Off-Site Emergency Response Plans at Chemical Accidents in South Korea

Abstract

The Chemical Substances Control Act emphasizes the importance of proactive planning for chemical accident prevention and response, requiring facilities handling hazardous chemicals to develop and submit comprehensive plans in compliance with regulatory standards. Among these measures, the designation of chemical accident evacuation sites is considered a critical step to protect local residents and mitigate the impact of accidents. Despite the significance of evacuation site planning, existing research has primarily focused on the general conditions and locations of evacuation sites, with limited attention to their selection process and safety evaluation. This study aims to bridge this gap by evaluating the suitability of evacuation site locations through detailed risk assessments. Using tools such as KORA and ALOHA, the study analyzes the impact range under seasonal meteorological conditions. The limitations of current evacuation sites were assessed, and additional sites were proposed, considering the number of evacuees able to travel on foot during emergencies. The study highlights the importance of selecting evacuation sites based on seasonal weather conditions and provides actionable recommendations to improve public safety and minimize risks during chemical accidents. The findings of this study are expected to contribute to the advancement of emergency response systems, promoting a safer and more resilient environment for both local communities and industrial facilities.

1. Introduction

In September 2012, a hydrofluoric acid gas leak accident in Gumi caused the deaths of five workers at the site, along with reports of health issues among nearby residents and livestock fatalities, resulting in significant human and material damage [1,2,3]. Following the accident, ongoing research and national-level efforts were initiated to improve chemical accident responses, highlighting issues with emergency responses and identifying actions that required improvement [4,5]. This social backdrop prompted a comprehensive revision of the Chemical Substances Control Act, which included the implementation of regulations mandating the development of chemical accident prevention and management plans, as well as emergency response plans for chemical-handling facilities [6].

The chemical accident prevention and management plan aims to establish a community-level chemical accident response system by informing the local community about hazardous chemical information and emergency response measures implemented by facilities [7,8]. Evacuation sites, an essential notification element in the event of an accident, are critical for preventing casualties from chemical leaks and ensuring the safety of local residents.
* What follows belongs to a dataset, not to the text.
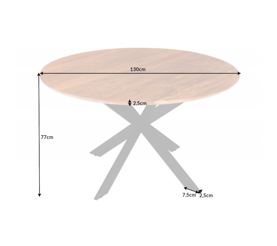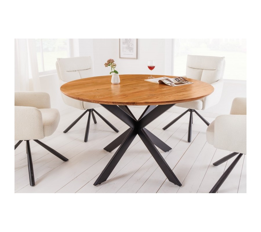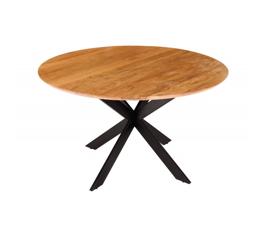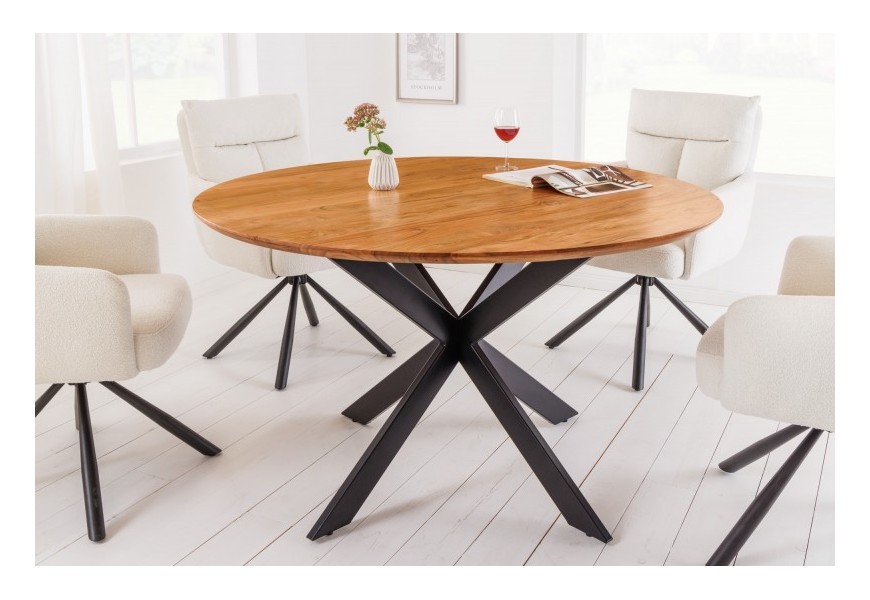 Industriálny jedálenský stôl Comedor okrúhleho tvaru z masívneho akáciového dreva s kovovými nohami 130cm

This is because chemical leaks have a significant impact on nearby businesses and residents [5,9]. Additionally, designating evacuation sites in advance can minimize confusion and facilitate prompt evacuations during chemical accidents. Based on this rationale, research into emergency evacuations during chemical accidents should be conducted. Furthermore, because wind direction has a significant impact on the dispersion and movement of chemical substances, rational safety measures should consider meteorological conditions [10].

To select suitable evacuation sites, an approach that considers wind direction and the surrounding geography is required, rather than relying on uniform site selection methods. The manual for drafting chemical accident prevention and management plans recommends designating at least two evacuation shelters in different directions based on the wind direction [11]. However, an analysis of ten current chemical accident evacuations revealed cases in which evacuation shelters were uniformly designated in the same direction. To reduce casualties in chemical accidents, it is essential to select evacuation shelters that reflect seasonal weather conditions and wind direction patterns.

Previous research on chemical accidents has primarily focused on technical and managerial prevention measures, as well as legal or institutional improvements to prevent accidents [12,13,14,15,16]. Although studies on accident response and community safety have been conducted, they have primarily focused on target selection, effective notification methods, and strategies to enhance public notification [17,18,19,20,21,22,23].

While existing studies on evacuation site selection consider wind direction, comprehensive research incorporating seasonal weather conditions and wind patterns to determine the best locations for evacuation during chemical accidents is still lacking [4,24,25,26,27,28].

This study reviews current chemical accident evacuation sites to determine whether they are appropriately located and capable of protecting local residents by considering meteorological conditions such as wind direction and speed. Furthermore, additional evacuation sites have been proposed as part of the improvement measure. The results and proposed improvements from this study are expected to contribute to strengthening emergency response systems during chemical accidents.

2. Theoretical Background and Methods

2.1. Related System

The community notification system under the Chemical Accident Prevention and Management Plan was designed to ensure the safety of local residents and enable a prompt response in the event of a chemical accident by providing the local community with information related to chemicals handled by facilities [7,8,11].

The workflow of the Chemical Accident Prevention and Management Plan is shown in Figure 1. The purpose of this system is to provide local residents with information on the types and quantities of hazardous chemicals handled by nearby facilities, as well as response plans in the event of an accident, so that they can plan for potential risks. Certain details are disclosed to the community to achieve this goal. The disclosed information includes facility details, a list of hazardous chemicals and their key hazards, the overall impact range of accident scenarios, emergency contact systems, methods for issuing evacuation alerts, and designated evacuation sites and procedures during accidents.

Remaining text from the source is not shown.